I’ve never touched a motor before in my life.
This is about cybersecurity, I promise. Bear with me a minute.
The ground outside the DTI Boston Satellite Office (my living room) is thick with snow. We had it easy through most of January, and then multiple blizzards. And after the first one, a piece of ice lodged in the auger of my snowblower, and the impeller belt ripped itself apart.
Deciding I could replace the belt myself involved a bit of hubris, in retrospect. Because as noted, I’ve never touched a motor of any type before in my life. So it should not have been a surprise when I found myself sweating over the guts of my snowblower on a Thursday night trying to force the belt into place.
It didn’t help that my machine included a third wheel of sorts, a tensioner that didn’t exist in any manual or online video about replacing the impeller belt in my exact model. But a life of spreadsheets and threat hunting did not prepare me for motor mechanics, oddly enough.
So I reached out. Because I didn’t know, and while I tried to brute force it, and research it, nothing worked. I tried to bribe the belt into place, and threaten it, and cajole it. None of this resulted in the least amount of progress, and so I asked for help.
There’s still a stigma in admitting you don’t know something in infosec; “information” is in the name, after all. And the sentence “I don’t know” is treated as a failure. But what we need to do is treat it as a starting point instead; “I don’t know, yet.”
I articulated the problem and showed my work. A few minutes later came a reply: “Oh. So. What you need to do is…”
And a few minutes later the snowblower was running like new.
Be the person that reaches out for help when you need it, and show this industry that’s okay. But also be the person that answers when you can, to show each other we’re not alone.
Articles
Almost feel like I need to add an extra section just for Google Threat Intelligence Group - they’ve spent the past few weeks putting out piece after piece of great intel. As always, grateful for folks sharing like this.

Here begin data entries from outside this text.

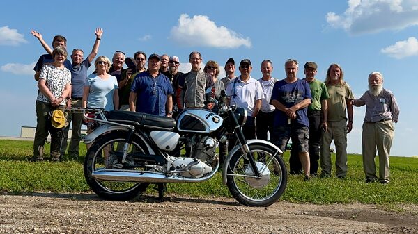 He’s one of the country’s foremost authorities on old Superhawks, which helped when Ben Boyer’s identical 1966 CB77 broke down beside the road just a few hours after leaving Minneapolis, almost at the North Dakota state line. The exhaust worked loose from the cylinder head and needed a new stud and flange. The bike was loaded on the back of a following SUV and carried here to Oakes, N.D., another couple of hours away, where a local machinist worked into the night at his home shop to create a new flange. When he delivered it the next morning, there was no charge. “That’s the kind of person you meet on a trip like this, riding a bike like this,” says Boyer, a retired high school biology teacher from Colorado. “This kind of trip really brings out the best in people.”
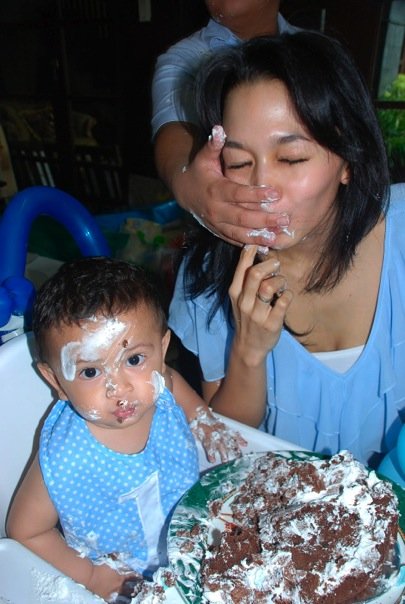 Waa... Om Abang nihh! Belepotan dehhLook at Farrel's face filled with whipped cream but still ready for the camera!
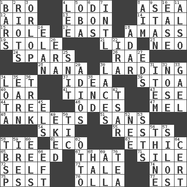 ACROSS 1. Sis' sibling 4. Farming town in central California 8. Toward the sea 12. Atmosphere 13. Inky black, to poets 14. Slanted text style (abbr.) 15. Hero or heavy, e.g. 17. Compass direction 18. Collect or gather 19. Took without asking 21. Hat (slang) 23. Modern: prefix 24. Practice fights 26. Actress Charlotte 28. Nanny 30. Preparing or cooking with lard 34. Allow 37. The main thing one is thinking about 39. Portico 40. Rowing implement 41. Tinged 43. Compass dir. 44. Family _ (genealogy) 46. Lyric poems 47. Cartoonist voice _ Blanc 48. Short socks 51. Without 54. What Jean-Claude Killy likes to do 55. Musical pauses 58. Make a knot 61. Environmental prefix 63. Principle of right and wrong 65. A special lineage 67. Not this but _ 71. Filth; sediment 72. Automatic 73. Story 74. And not 75. Inconspicuous attention getter 76. Rounded earthenware pot or jar 77. Eastern Standard Time (abbr.) DOWN 1. Soap units 2. Debaucheries 3. Lowest deck of a ship 4. Area sheltered from the wind 5. Chief or king in Benin or Nigeria 6. Two (Sp.) 7. International (abbr.) 8. Direct toward a target or goal 9. Comedian Laurel of Laurel & Hardy 10. Comfort 11. In addition 16. Flair 18. The sixth month of the Jewish calendar 20. Epoch 22. Lyricist Gershwin 25. In a ____ (agitated or irritated) 27. Begley and Asner 29. Goodbye (Sp.) 30. Shoestrings 31. A distinct part 32. Sense of smell 33. Highlander 34. Globular water bottle used in Asia 35. Merit 36. Long journey 38. Conclusion 42. Russian ruler of old 45. Raised railways 49. Supplemented with great effort 50. Nervous spasm 52. Born 53. Fast planes 56. One or ones belonging to thee 57. Grain storage towers 58. Cook's measure (abbr.) 59. Angers 60. Snakelike fish 62. Von Bismarck 64. Foregone conclusion 66. Lizard (obsolete) 68. Actor Linden 69. Everything 70. Afternoon social gathering
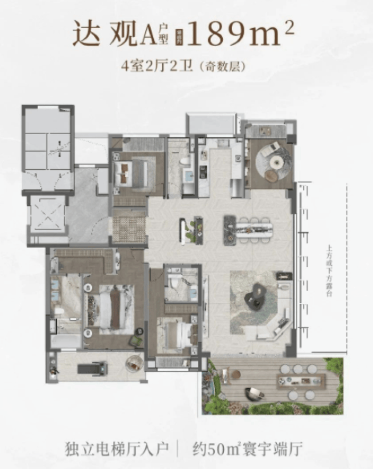 上叠:私享入户花园 + 独立电梯 + 大露台
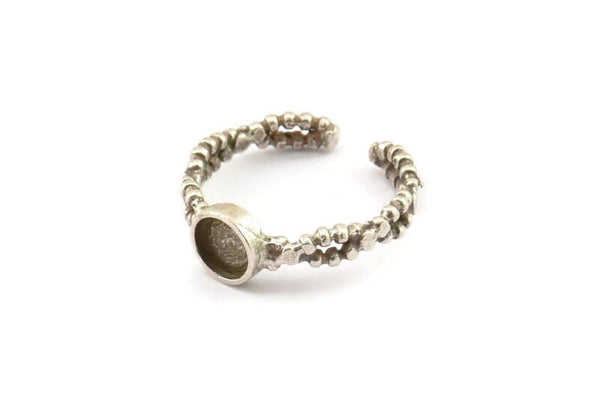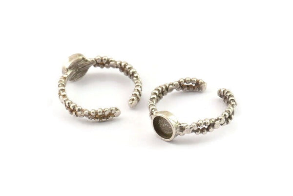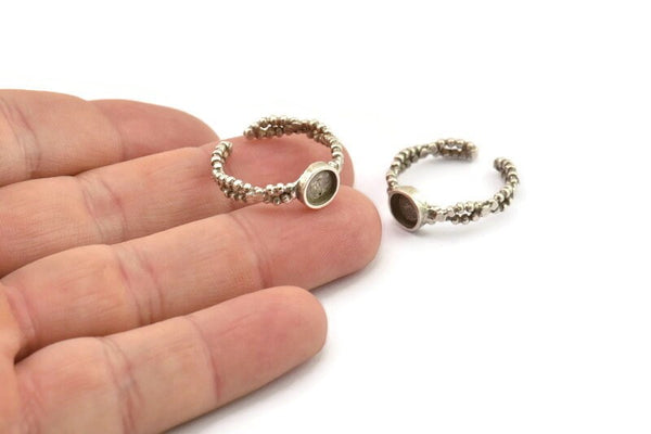 Silver Ring Setting, 2 Antique Silver Plated Brass Adjustable Rings With 1 Stone Settings - Pad Size 6mm N2549 H1636

GTIG - UNC1069 Targets Cryptocurrency Sector with New Tooling and AI-Enabled Social Engineering - DPRK, cryptocurrency, generic domains and targeted subdomains. What’s not to love?
GTIG - GTIG AI Threat Tracker: Distillation, Experimentation, and (Continued) Integration of AI for Adversarial Use - There are some perverse incentives in the AI offsec reporting space, but very worth keeping updated on the bits of hard evidence out there.
GTIG - Exposing the Undercurrent: Disrupting the GRIDTIDE Global Cyber Espionage Campaign - Actual disruption in the wild. Whether our disruption tactics overall are effective or not - that’s a bigger question, and needs to be talked about more.
GTIG - Beyond the Battlefield: Threats to the Defense Industrial Base - Good review for analysts, good intro section for execs, if this area matters to you.
Lots of other good reading out there this month, though, too:
Infoblox Threat Intel - Compromised Routers, DNS, and a TDS Hidden in Aeza Networks - One of the best DNS investigation posts I’ve ever read, and I’ve read a lot of them. Infoblox TI not only provides the results of their research, but shows in-depth steps on how to recreate it by eliciting responses from secretive recursive servers, for example.
The Record - Leaked technical documents show China rehearsing cyberattacks on neighbors’ critical infrastructure - Thinking about this one in the context of Joe Slowik’s CYBERWARCON talk, which doesn’t seem to be online unfortunately. If you’re not following Joe yet, maybe start.
Gitlab Threat Intelligence - GitLab Threat Intelligence Team reveals North Korean tradecraft - Excellent deep dive into both the fraudulent enterprise IT worker threat and the Contagious Interview campaign, the latter of which targets job applicants for compromise.
Symantec/Carbon Black Threat Hunter Team - North Korean Lazarus Group Now Working With Medusa Ransomware - The brevity here is respectable - it’s actually a very information-dense post with some deeper implications for DPRK-targeted ecospheres.
Research Papers and Reports
Crowdstrike - 2026 Global Threat Report - Heavy on the AI stuff, which I am always skeptical of, but I haven’t dived deeply into the guts here yet.
Tools and Resources
PulseBeat02 - yt-media-storage - Encodes any data into lossless video styles to store on Youtube, and decodes them into the original data, for exfiltration etc. I suppose if you can store a PNG on a starling, you can exfiltrate crown jewels via youtube.